- [EXERCISE GOAL]: If a line in the records below contains the word "Feroze", copy it.

- [SUPPLIED DATA]:

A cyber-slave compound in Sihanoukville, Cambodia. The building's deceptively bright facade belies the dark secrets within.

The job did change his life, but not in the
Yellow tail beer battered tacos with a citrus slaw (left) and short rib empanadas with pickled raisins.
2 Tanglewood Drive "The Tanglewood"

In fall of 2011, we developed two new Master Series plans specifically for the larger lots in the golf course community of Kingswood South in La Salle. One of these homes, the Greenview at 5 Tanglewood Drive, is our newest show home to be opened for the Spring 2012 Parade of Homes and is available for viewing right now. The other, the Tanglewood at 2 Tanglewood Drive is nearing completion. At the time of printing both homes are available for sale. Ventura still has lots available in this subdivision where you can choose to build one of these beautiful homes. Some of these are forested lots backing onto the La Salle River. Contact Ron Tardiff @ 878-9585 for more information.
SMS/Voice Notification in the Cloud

---

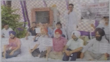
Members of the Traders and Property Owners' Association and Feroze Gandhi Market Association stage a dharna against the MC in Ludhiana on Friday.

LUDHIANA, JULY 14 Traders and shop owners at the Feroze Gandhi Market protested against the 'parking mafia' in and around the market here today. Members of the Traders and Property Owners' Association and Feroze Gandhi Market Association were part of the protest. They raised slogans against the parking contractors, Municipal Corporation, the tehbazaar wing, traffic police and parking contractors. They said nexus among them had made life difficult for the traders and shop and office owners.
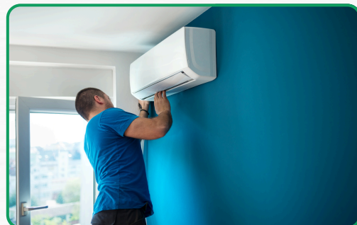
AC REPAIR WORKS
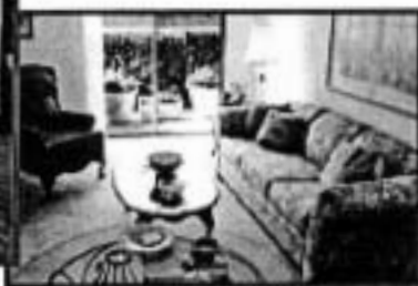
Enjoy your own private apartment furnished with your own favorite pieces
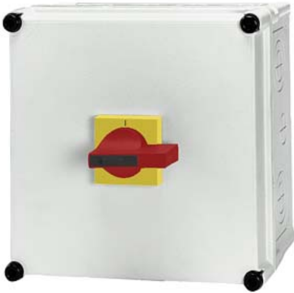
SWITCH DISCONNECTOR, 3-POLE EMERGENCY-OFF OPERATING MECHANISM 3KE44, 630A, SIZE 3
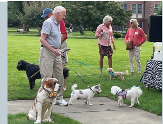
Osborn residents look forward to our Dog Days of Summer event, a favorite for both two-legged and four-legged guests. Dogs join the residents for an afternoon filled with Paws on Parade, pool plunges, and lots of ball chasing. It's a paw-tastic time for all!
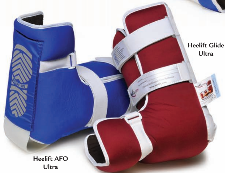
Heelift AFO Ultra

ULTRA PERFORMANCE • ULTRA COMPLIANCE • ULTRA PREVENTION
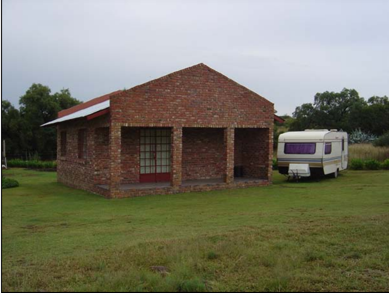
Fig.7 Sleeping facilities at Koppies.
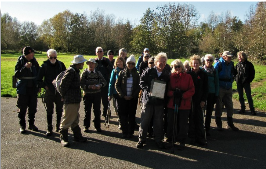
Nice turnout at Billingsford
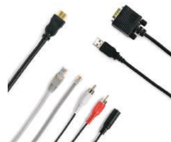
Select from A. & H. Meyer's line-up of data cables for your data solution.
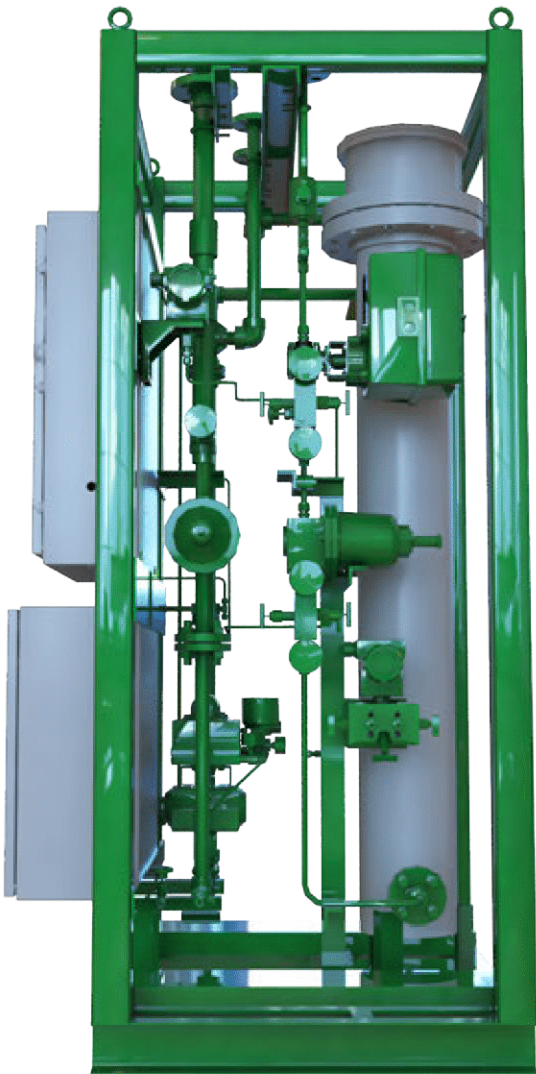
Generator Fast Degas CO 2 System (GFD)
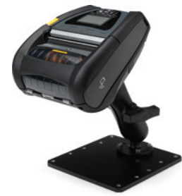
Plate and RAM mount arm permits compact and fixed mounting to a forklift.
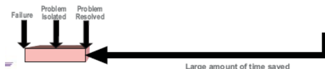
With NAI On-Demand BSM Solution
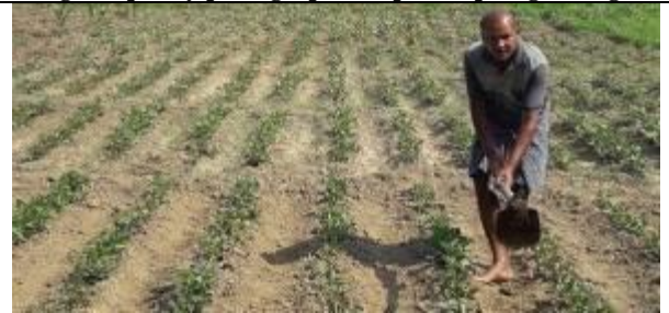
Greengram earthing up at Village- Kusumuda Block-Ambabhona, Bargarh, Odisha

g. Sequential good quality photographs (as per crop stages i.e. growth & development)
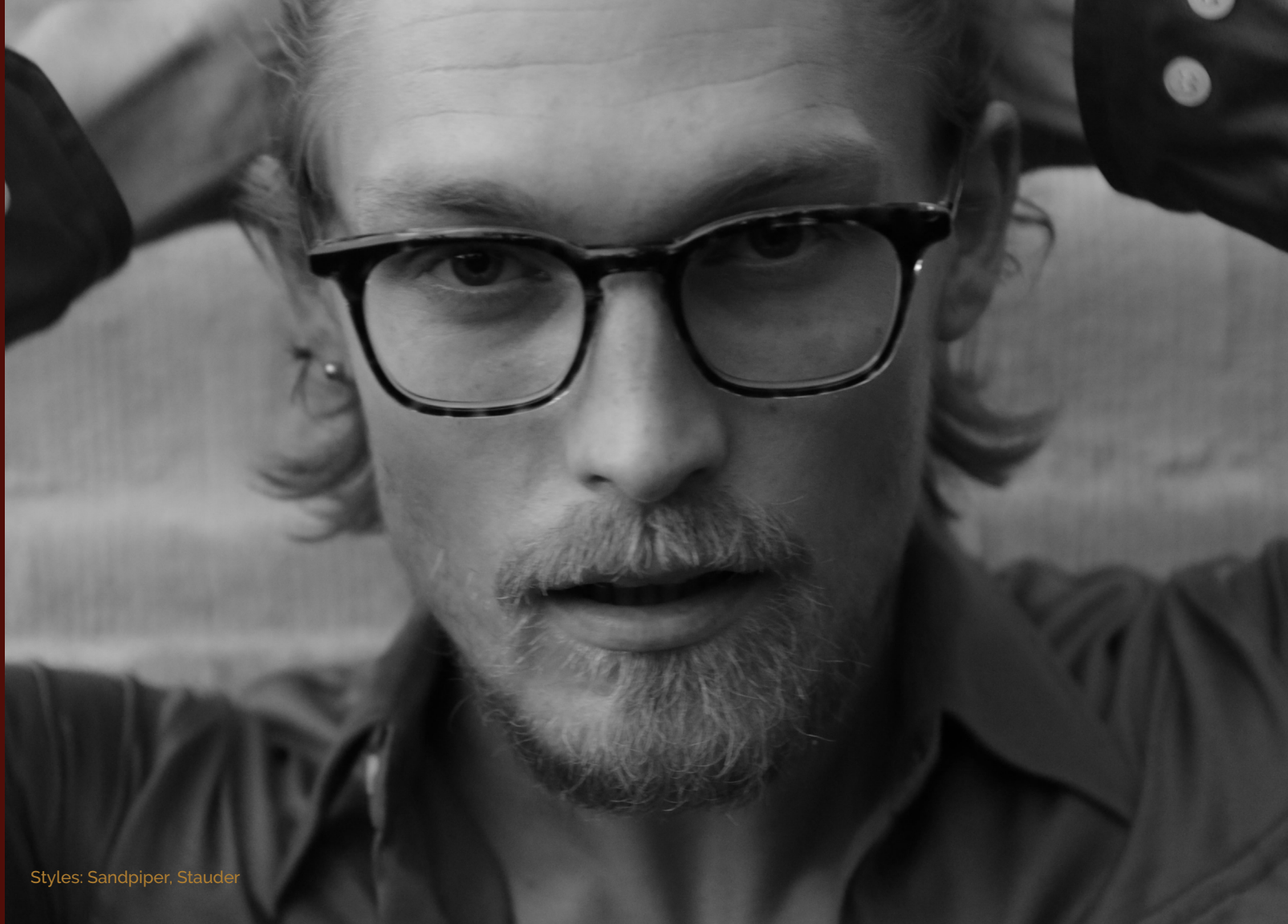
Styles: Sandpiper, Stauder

- [SOLUTION]:
Members of the Traders and Property Owners' Association and Feroze Gandhi Market Association stage a dharna against the MC in Ludhiana on Friday.
LUDHIANA, JULY 14 Traders and shop owners at the Feroze Gandhi Market protested against the 'parking mafia' in and around the market here today. Members of the Traders and Property Owners' Association and Feroze Gandhi Market Association were part of the protest. They raised slogans against the parking contractors, Municipal Corporation, the tehbazaar wing, traffic police and parking contractors. They said nexus among them had made life difficult for the traders and shop and office owners.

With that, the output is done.